For more insights, check out our blog post.

Can I deploy YOLO26 models on mobile devices?

Yes, YOLO26 models can be deployed on mobile devices using TensorFlow Lite (TF Lite) for both Android and iOS platforms. TF Lite is designed for mobile and embedded devices, providing efficient on-device inference.

!!! example

=== "Python"

    ```python
    # Export command for TFLite format
    model.export(format="tflite")
    ```

=== "CLI"

    ```bash
    # CLI command for TFLite export
    yolo export model=yolo26n.pt format=tflite
    ```

For more details on deploying models to mobile, refer to our TF Lite integration guide.

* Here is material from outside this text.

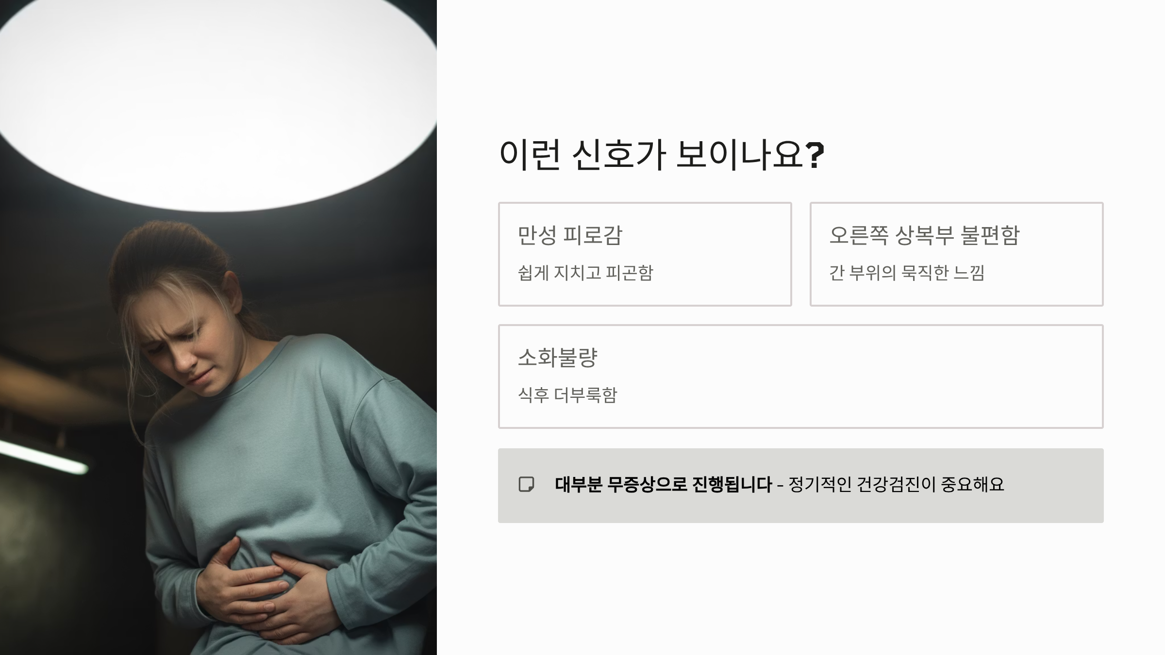 지방간의 위험 신호로는 만성 피로감, 오른쪽 상복부 불편함, 소화불량 등이 있지만, 대부분 무증상으로 진행되기 때문에 정기적인 건강검진이 중요합니다. 혈액검사에서 AST, ALT 수치가 상승하거나 초음파 검사에서 간의 에코가 증가했다면 지방간을 의심해볼 수 있습니다.

What factors should I consider when choosing a deployment format for my YOLO26 model?

When choosing a deployment format for YOLO26, consider the following factors:

  • Performance: Some formats like TensorRT provide exceptional speeds on NVIDIA GPUs, while OpenVINO is optimized for Intel hardware.
  • Compatibility: ONNX offers broad compatibility across different platforms.
  • Ease of Integration: Formats like CoreML or TF Lite are tailored for specific ecosystems like iOS and Android, respectively.
  • Community Support: Formats like PyTorch and TensorFlow have extensive community resources and support.

For a comparative analysis, refer to our export formats documentation.

How can I deploy YOLO26 models in a web application?

To deploy YOLO26 models in a web application, you can use TensorFlow.js (TF.js), which allows for running machine learning models directly in the browser. This approach eliminates the need for backend infrastructure and provides real-time performance.

  1. Export the YOLO26 model to the TF.js format.
  2. Integrate the exported model into your web application.

For step-by-step instructions, refer to our guide on TensorFlow.js integration.